-- Information shown --
★ ★ ★

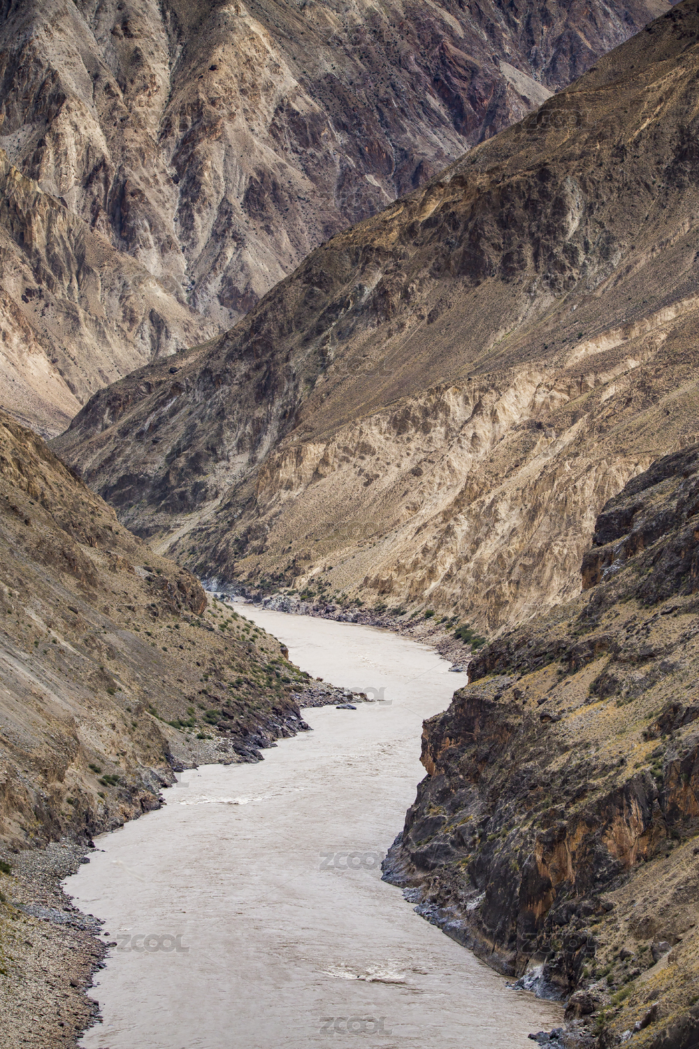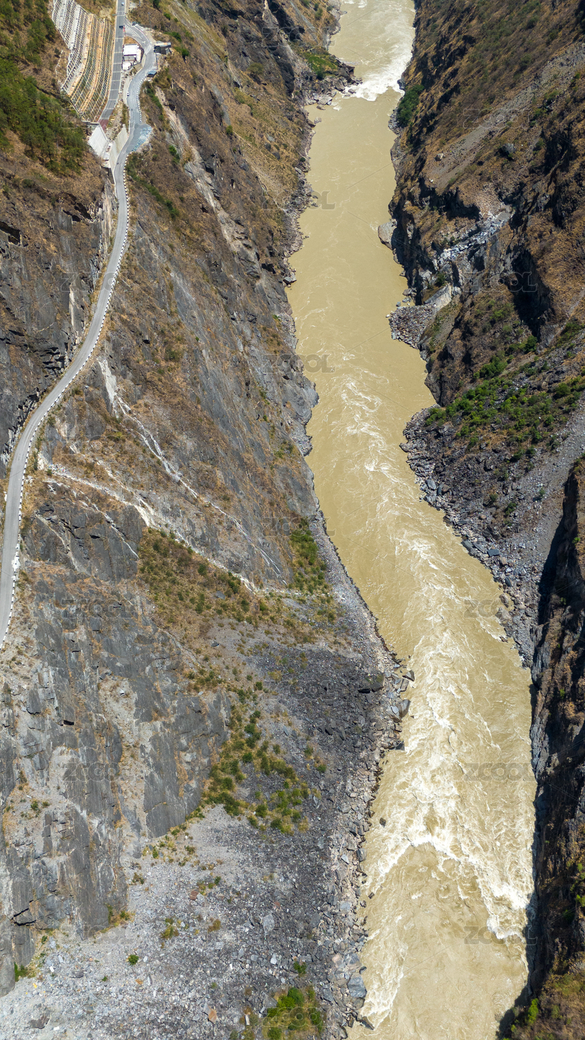 中国前往梅里雪山西坡甲应村路上俯视玉曲河
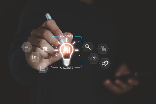 Innovative AI agents concept with glowing light bulb icon and digital technology interface, representing artificial intelligence solutions, automation and futuristic business innovation. AI tech.
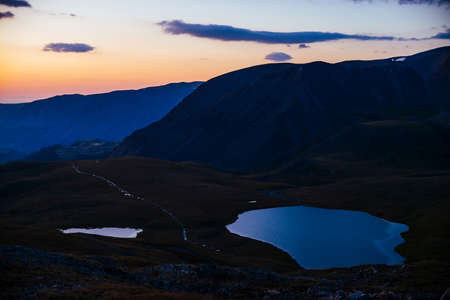 Atmospheric dawn landscape with two beautiful mountain lakes among dark mountain silhouettes and vivid orange gradient sky with lilac clouds of sunset. Dirt road along lake on mountain pass in sunrise
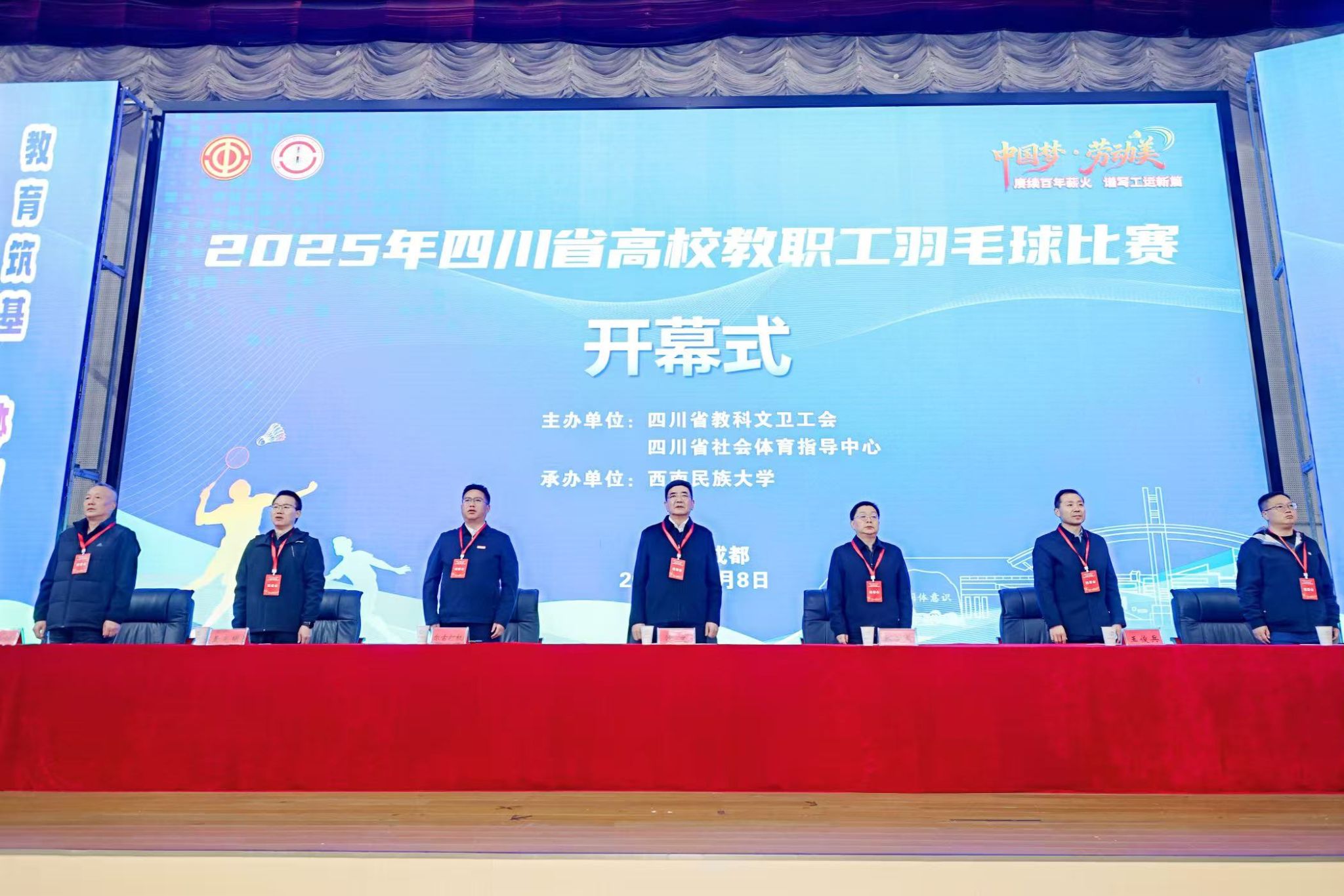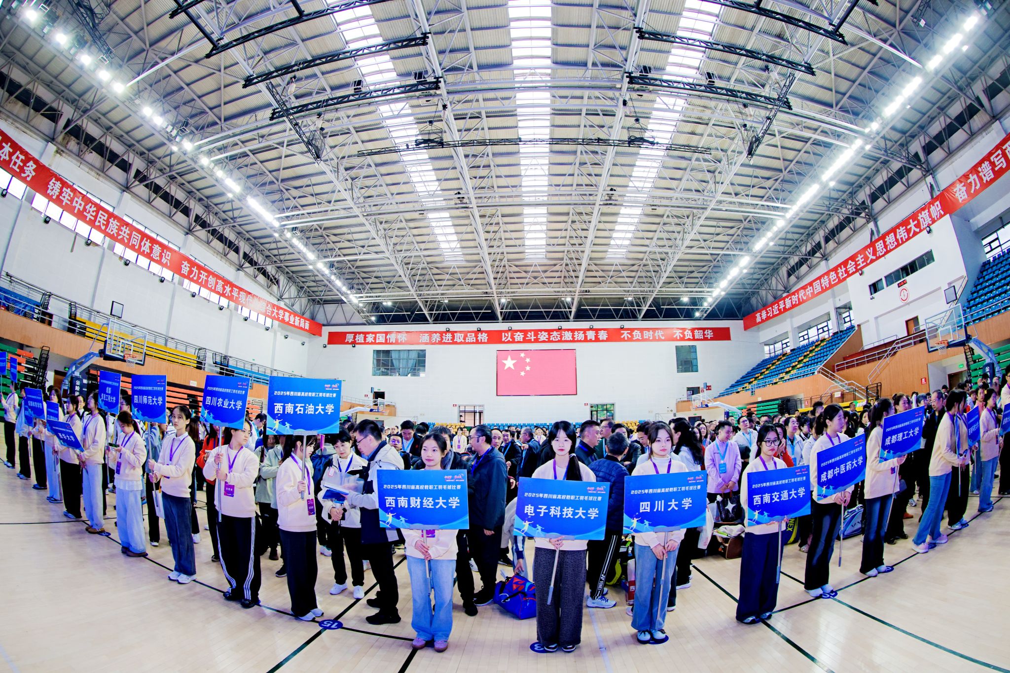 金风送爽,羽动蓉城。11月8日至9日,四川省高校教职工羽毛球比赛在西南民族大学航空港校区举行。省总工会党组副书记沙文出席开幕式并讲话。本次比赛由四川省教科文卫工会、四川省社会体育指导中心联合主办,西南民族大学承办,设青年组和中年组两个组别,涵盖男子双打、女子双打和混合双打6个组别竞赛项目,吸引四川大学、电子科技大学、西南交通大学等48所高校代表队420余名运动员踊跃参赛。

★ ★ ★

-- What to work on --
Reproduce the whole of the data, word for word, and omit its pictures.

-- Exercise output --
 中国前往梅里雪山西坡甲应村路上俯视玉曲河
 Innovative AI agents concept with glowing light bulb icon and digital technology interface, representing artificial intelligence solutions, automation and futuristic business innovation. AI tech.
 Atmospheric dawn landscape with two beautiful mountain lakes among dark mountain silhouettes and vivid orange gradient sky with lilac clouds of sunset. Dirt road along lake on mountain pass in sunrise
 金风送爽,羽动蓉城。11月8日至9日,四川省高校教职工羽毛球比赛在西南民族大学航空港校区举行。省总工会党组副书记沙文出席开幕式并讲话。本次比赛由四川省教科文卫工会、四川省社会体育指导中心联合主办,西南民族大学承办,设青年组和中年组两个组别,涵盖男子双打、女子双打和混合双打6个组别竞赛项目,吸引四川大学、电子科技大学、西南交通大学等48所高校代表队420余名运动员踊跃参赛。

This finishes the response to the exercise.